6.2 MDC Filter Implementation

// MdcLoggingFilter.kt
@Component
@Order(Ordered.HIGHEST_PRECEDENCE)  // Must execute first
class MdcLoggingFilter : OncePerRequestFilter() {

    companion object {
        const val TRACE_ID = "traceId"
        const val SPAN_ID = "spanId"
        const val USER_ID = "userId"
        const val REQUEST_URI = "requestUri"
        const val REQUEST_METHOD = "requestMethod"
        const val CLIENT_IP = "clientIp"
    }

    override fun doFilterInternal(
        request: HttpServletRequest,
        response: HttpServletResponse,
        filterChain: FilterChain
    ) {
        try {
            // Generate TraceId (or extract from header)
            val traceId = request.getHeader("X-Trace-Id")
                ?: UUID.randomUUID().toString().replace("-", "").take(16)
            val spanId = UUID.randomUUID().toString().replace("-", "").take(8)

            // Set context in MDC
            MDC.put(TRACE_ID, traceId)
            MDC.put(SPAN_ID, spanId)
            MDC.put(REQUEST_URI, request.requestURI)
            MDC.put(REQUEST_METHOD, request.method)
            MDC.put(CLIENT_IP, getClientIp(request))

            // Include TraceId in response header (for frontend reference)
            response.setHeader("X-Trace-Id", traceId)

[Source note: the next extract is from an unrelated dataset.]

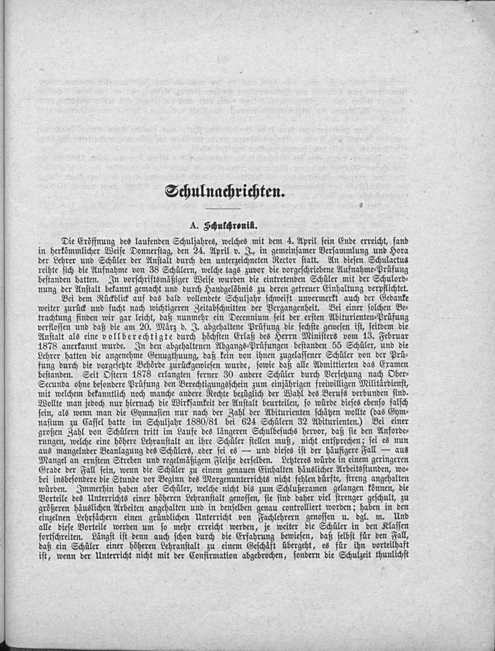 Bei dem Rückblick auf das bald vollendete Schuljahr ſchweift unvermerkt auch der Gedanke weiter zurück und ſucht nach wichtigeren Zeitabſchnitten der Vergangenheit. Bei einer ſolchen Be⸗ trachtung finden wir gar leicht, daß nunmehr ein Decennium ſeit der erſten Abiturienten⸗Prüfung verfloſſen und daß die am 20. März d. J. abgehaltene Prüfung die ſechſte geweſen iſt, ſeitdem die Anſtalt als eine vollberechtigte durch höchſten Erlaß des Herrn Miniſters vom 13. Februar 1878 anerkannt wurde. In den abgehaltenen Abgangs⸗Prüfungen beſtanden 55 Schüler, und die Lehrer hatten die angenehme Genugthuung, daß kein von ihnen zugelaſſener Schüler von der Prü⸗ fung durch die vorgeſetzte Behörde zurückgewieſen wurde, ſowie daß alle Admittierten das Examen beſtanden. Seit Oſtern 1878 erlangten ferner 30 andere Schüler durch Verſetzung nach Ober⸗ Secunda ohne beſondere Prüfung den Berechtigungsſchein zum einjährigen freiwilligen Militärdienſt, mit welchem bekanntlich noch manche andere Rechte bezüglich der Wahl des Berufs verbunden ſind. Wollte man jedoch nur hiernach die Wirkſamkeit der Anſtalt beurteilen, ſo würde dieſes ebenſo falſch ſein, als wenn man die Gymnaſien nur nach der Zahl der Abiturienten ſchätzen wollte(das Gym⸗ naſium zu Caſſel hatte im Schuljahr 1880/81 bei 624 Schülern 32 Abiturienten.) Bei einer großen Zahl von Schülern tritt im Laufe des längeren Schulbeſuchs hervor, daß ſie den Anforde⸗ rungen, welche eine höhere Lehranſtalt an ihre Schüler ſtellen muß, nicht entſprechen; ſei es nun aus mangelnder Beanlagung des Schülers, oder ſei es— und dieſes iſt der häufigere Fall— aus Mangel an ernſtem Streben und regelmäßigem Fleiße derſelben. Letzteres würde in einem geringeren Grade der Fall ſein, wenn die Schüler zu einem genauen Einhalten häuslicher Arbeitsſtunden, wo⸗ bei insbeſondere die Stunde vor Beginn des Morgenunterrichts nicht fehlen dürfte, ſtreng angehalten würden. Immerhin haben aber Schüler, welche nicht bis zum Schlußexamen gelangen können, die Vorteile des Unterrichts einer höheren Lehranſtalt genoſſen, ſie ſind daher viel ſtrenger geſchult, zu größeren häuslichen Arbeiten angehalten und in denſelben genau controlliert worden; haben in den einzelnen Lehrfächern einen gründlichen Unterricht von Fachlehrern genoſſen u. dgl. m. Und alle dieſe Vorteile werden um ſo mehr erreicht werden, je weiter die Schüler in den Klaſſen fortſchreiten. Längſt iſt denn auch ſchon durch die Erfahrung bewieſen, daß ſelbſt für den Fall, daß ein Schüler einer höheren Lehranſtalt zu einem Geſchäft übergeht, es für ihn vorteilhaft iſt, wenn der Unterricht nicht mit der Confirmation abgebrochen, ſondern die Schulzeit thunlichſt
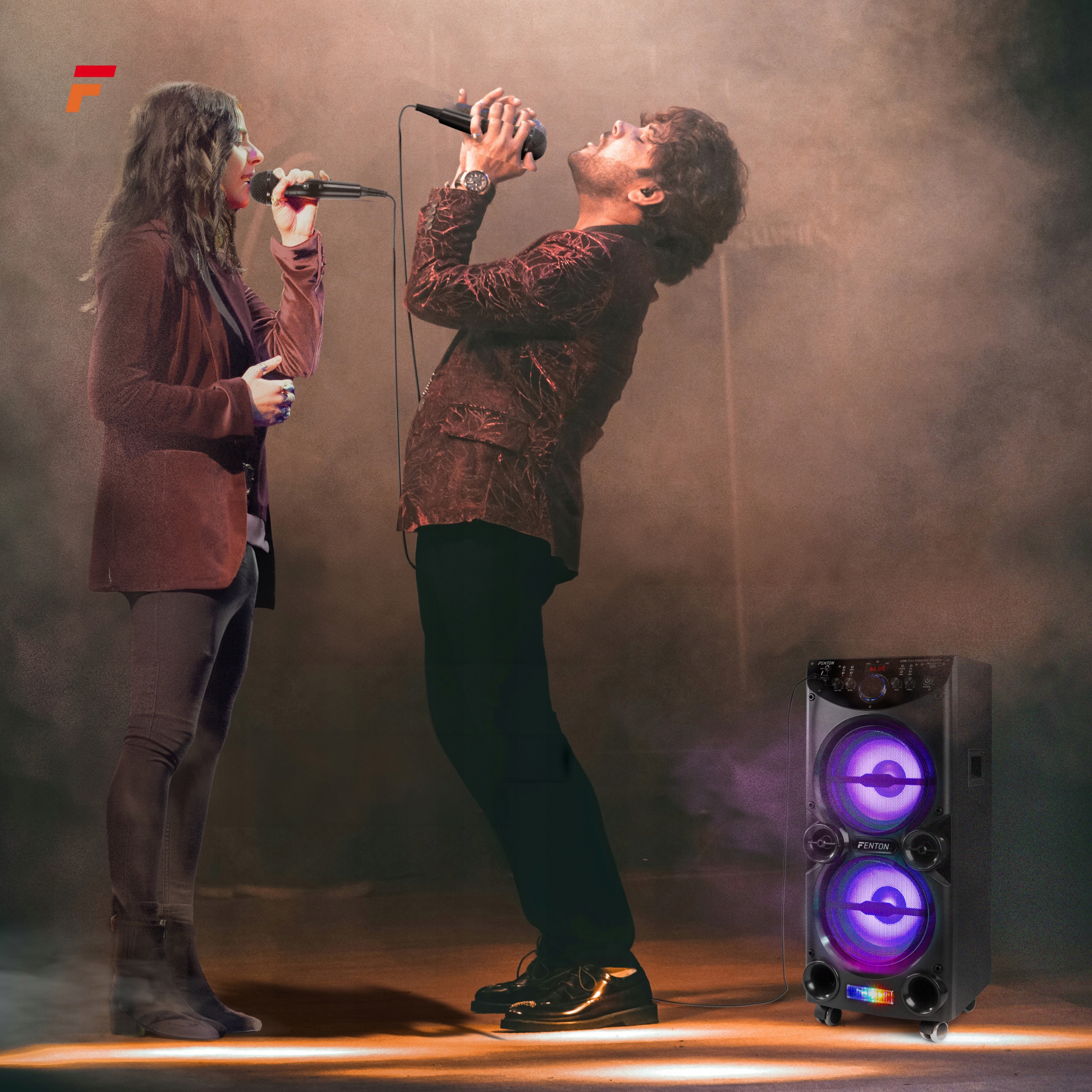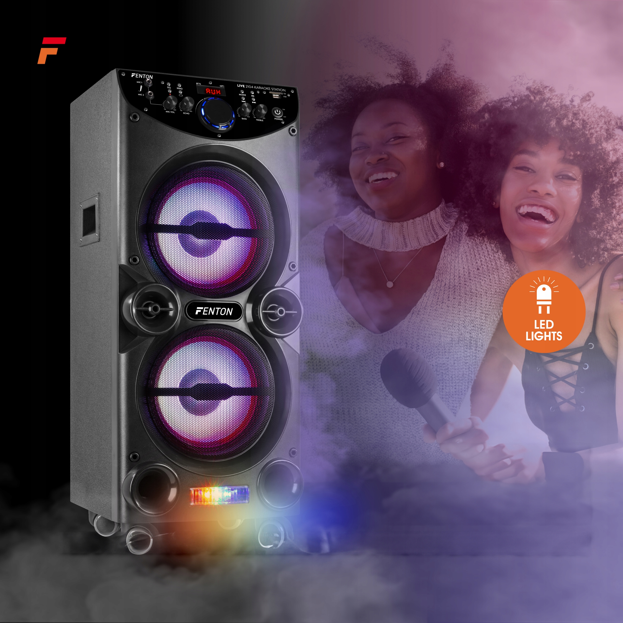 Вечірка буде незабутньою. Bluetooth-колонка з вбудованим підсилювачем 400 Вт оснащена 2 мікрофонами і кольоровими диско світлодіодами. Завдяки функції Bluetooth, MP3-плеєру та лінійному входу, з LIVE2104 ви можете працювати у всіх напрямках, щоб відтворювати свою улюблену музику, звичайно, з можливістю співати та записувати ваші вокальні навички. У набір входить пульт дистанційного керування та два дротових мікрофони. Таким чином, караоке-колонка LIVE2104 — це повний набір, який ви можете використовувати негайно.

            filterChain.doFilter(request, response)
        } finally {
            // Must clear for thread reuse
            MDC.clear()
        }
    }

    private fun getClientIp(request: HttpServletRequest): String {
        val xForwardedFor = request.getHeader("X-Forwarded-For")
        return if (xForwardedFor.isNullOrEmpty()) {
            request.remoteAddr
        } else {
            xForwardedFor.split(",")[0].trim()
        }
    }
}

Why use @Order(Ordered.HIGHEST_PRECEDENCE):

Filter execution order:
┌─────────────────────────────────────────────────────────┐
│  1. MdcLoggingFilter (HIGHEST_PRECEDENCE = first)        │
│     └── Generate traceId, set MDC                        │
│                                                         │
│  2. Spring Security Filters                             │
│     └── Authentication/Authorization processing          │
│                                                         │
│  3. Other filters                                       │
│                                                         │
│  4. Controller                                          │
└─────────────────────────────────────────────────────────┘

Reason:
- Must execute first so all logs include traceId
- Logs from Security filters also include traceId
- Authentication failure logs can also be traced

X-Trace-Id, X-Forwarded-For header standards:

HeaderStandard statusDefinition
X-Forwarded-ForDe facto standardStandardized as Forwarded header in RFC 7239. However, X-Forwarded-For is more widely used
X-Trace-IdNon-standard (de facto standard)Standardized as traceparent header in W3C Trace Context. However, X-Trace-Id, X-Request-Id, etc. are conventionally used
X-Forwarded-For:
- Used by proxies/load balancers to forward the original client IP
- Format: X-Forwarded-For: client, proxy1, proxy2
- RFC 7239 Forwarded header is the official standard, but X-Forwarded-For is more prevalent

X-Trace-Id (X-Request-Id):
- Request tracking ID in distributed systems
- W3C Trace Context (https://www.w3.org/TR/trace-context/) is the official standard
  - traceparent: 00-{trace-id}-{span-id}-{flags}
- However, the simpler X-Trace-Id is more commonly used
- Standard header support in OpenTelemetry, Jaeger, Zipkin, etc.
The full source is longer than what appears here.